The narrator openly comments on the characters and their actions as he is in a position of seeing all the events. First-person narration makes it possible for Poe to be a character in his novels and convey his internal thoughts to the readers. It also allows him to develop the various characters involved in the story besides sharing his opinions, biases, and values and accurately telling the story from his point of view.

Poe decides not to use Dupin as the narrator to portray him as a hero in solving the crimes. Besides, his explanations of the analyses seem to astonish the narrator, thence the audience. He also allows himself to be outsmarted by the detective thereby signifying that Dupin’s thinking is ahead of the police and the reader.


The technique of exposition has been used by Poe to expose various facts to the readers. For instance, in the novel, The Purloined Letter, the plot is developed through the direct questions directed to Dupin and the prefect by the narrator. The narrator achieves this by reminding the two of any mistakes they have committed in their answers in addition to allowing them to elaborate their answers.

The expository style continues in the final stages of the story as Dupin explains his method of analysis to the narrator. He gives the details of how the Prefect and his men were very thorough in their investigations and had done all they knew but not everything they could do.

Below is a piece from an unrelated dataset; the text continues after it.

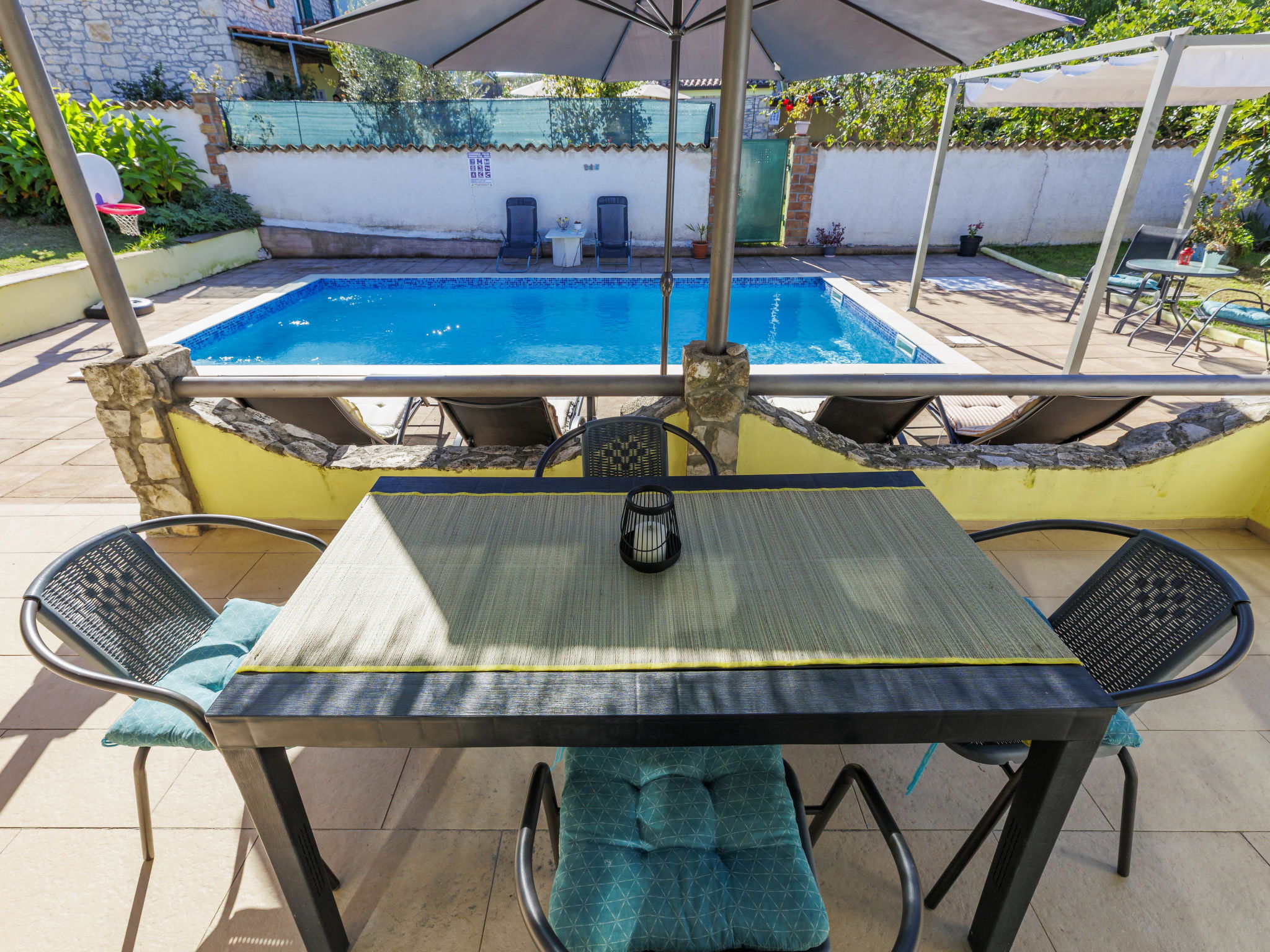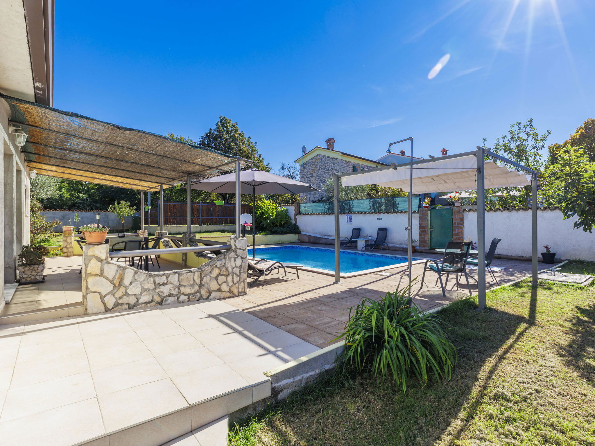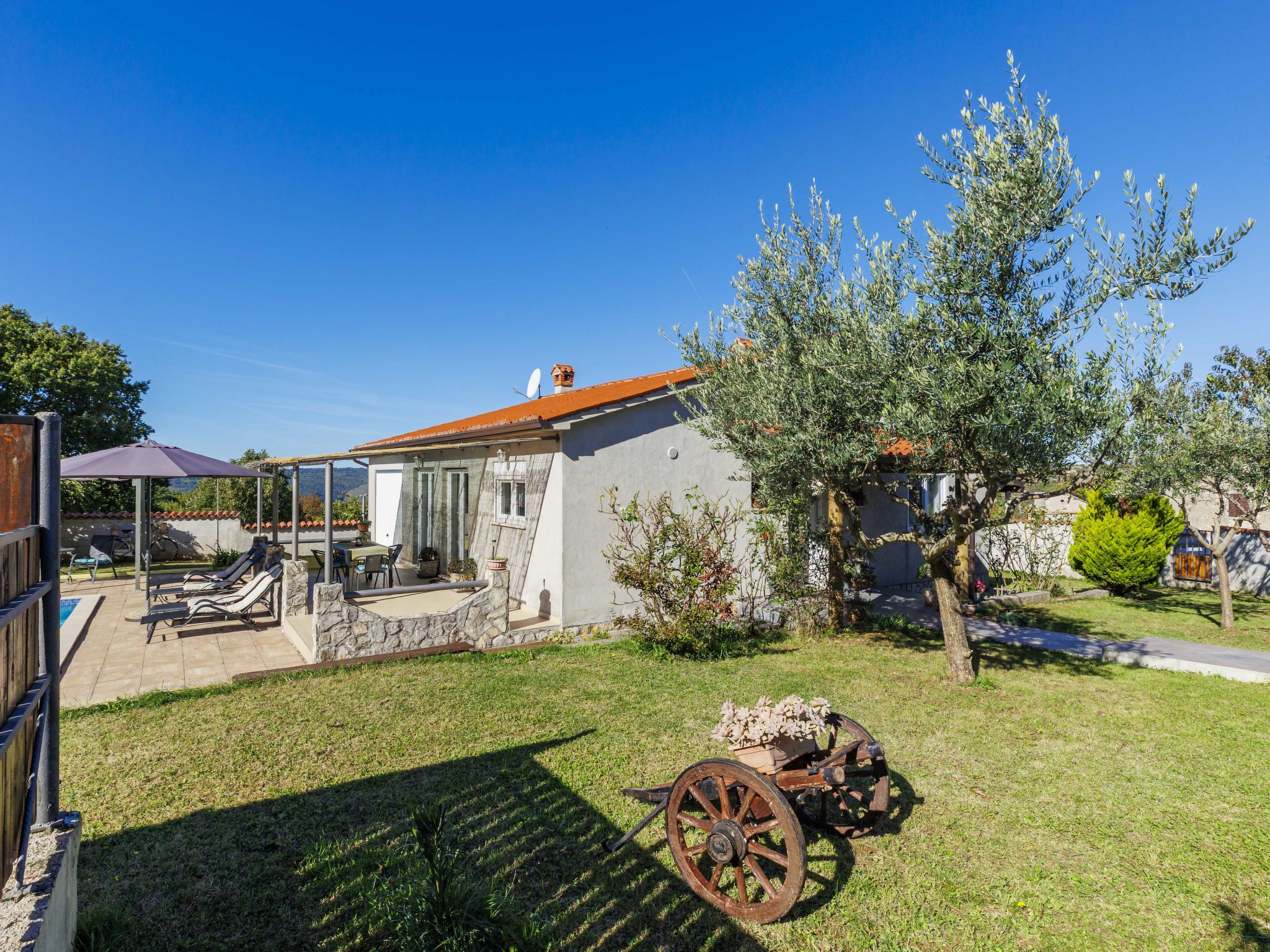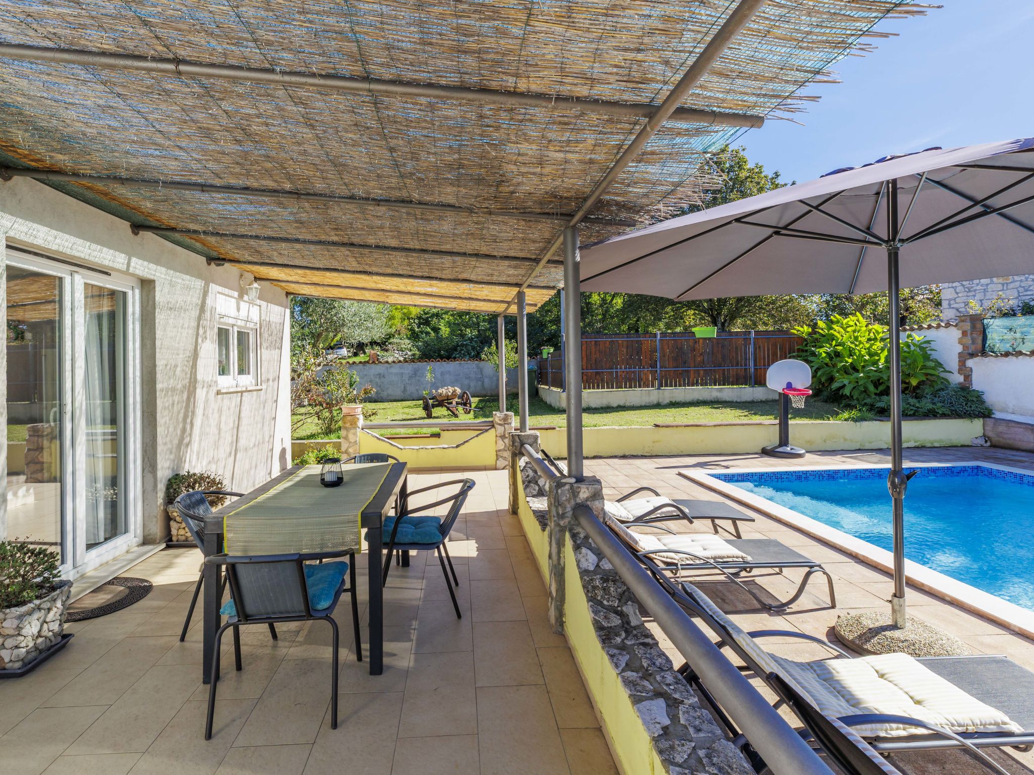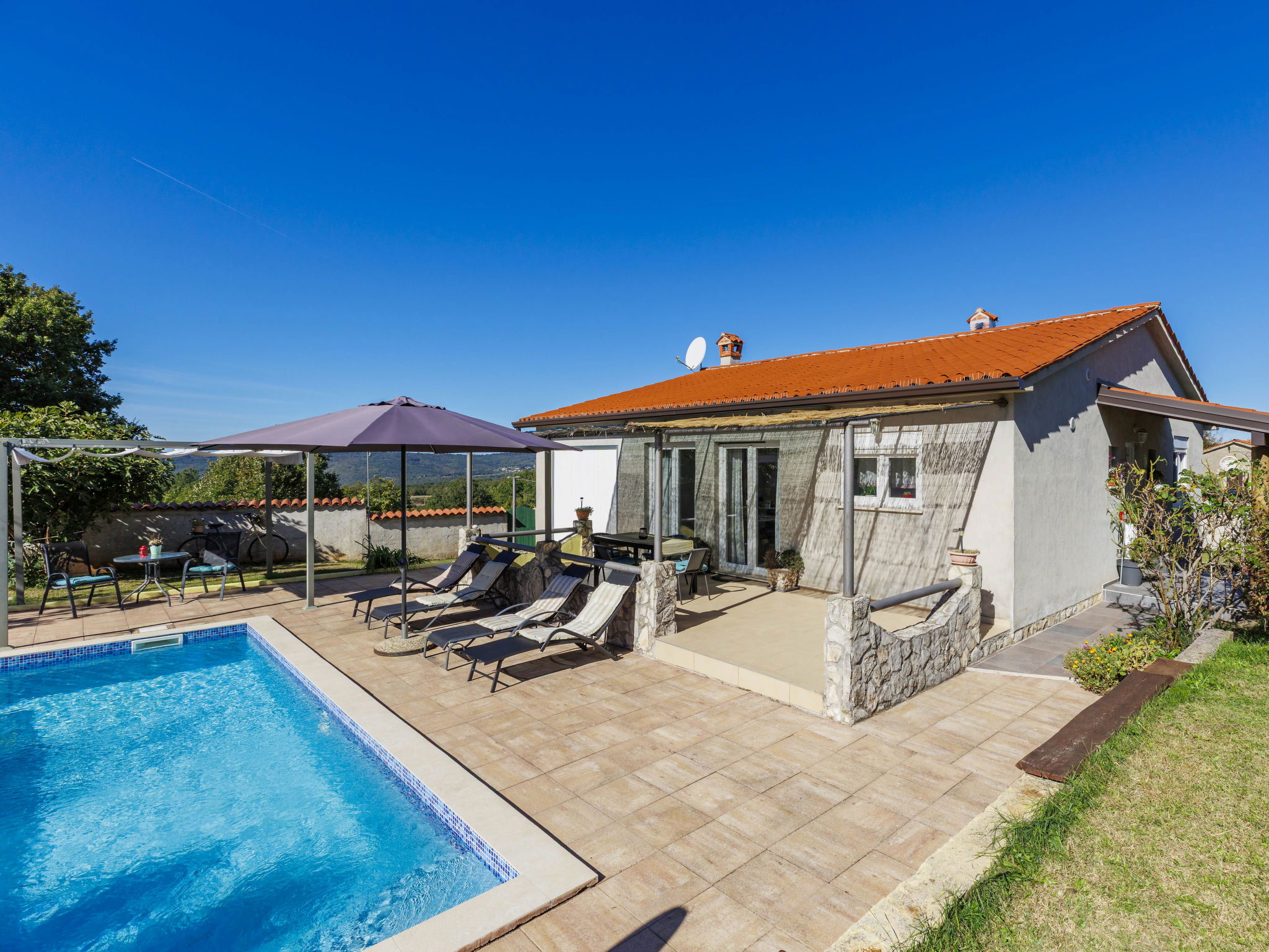 Single-family house "Sandra". In the hamlet Markoci 7 km from the centre of Labin, 12 km from the centre of Rabac, 12 km from the sea, 12 km from the beach, in the countryside. Private: property 700 m2 (fenced), lawn and wildlife garden, swimming pool angular (7 x 4 m, depth 140 cm, seasonal availability: 01.Apr. - 30.Oct.) with internal staircase. Outdoor shower, terrace (20 m2), garden furniture, barbecue, pool maintenance by the owner/gardener. In the house: internet access, washing machine. Parking (for 2 cars) at the house on the premises. Shop 2 km, supermarket 7 km, restaurant 2 km, bus stop "Labin" 12 km, pebble beach 12 km. Please note: airfield 50 m from the property.

In The Murders in the Rue Morgue, the reader can identify the background of the story, the setting (Paris), characters, and the mysterious murder to be solved. This is the preliminary exposition and characterizes the main personality of the story; C. Augustine Dupin and especially his mental features. While the nature of the murder is still a mystery in the early sections of the story, Poe gives more details by providing the reader with newspaper excerpts and numerous witness accounts. Once again, Dupin explains his analytical methods that finally lead to the capture of the sailor who owned the Ourang-Outang.


Poe manages to develop the theme of the two novels discussed using different styles; most notably detective fiction in which he uses an identical character in finding solutions to the two crimes. Other styles used include symbolism and horror fiction.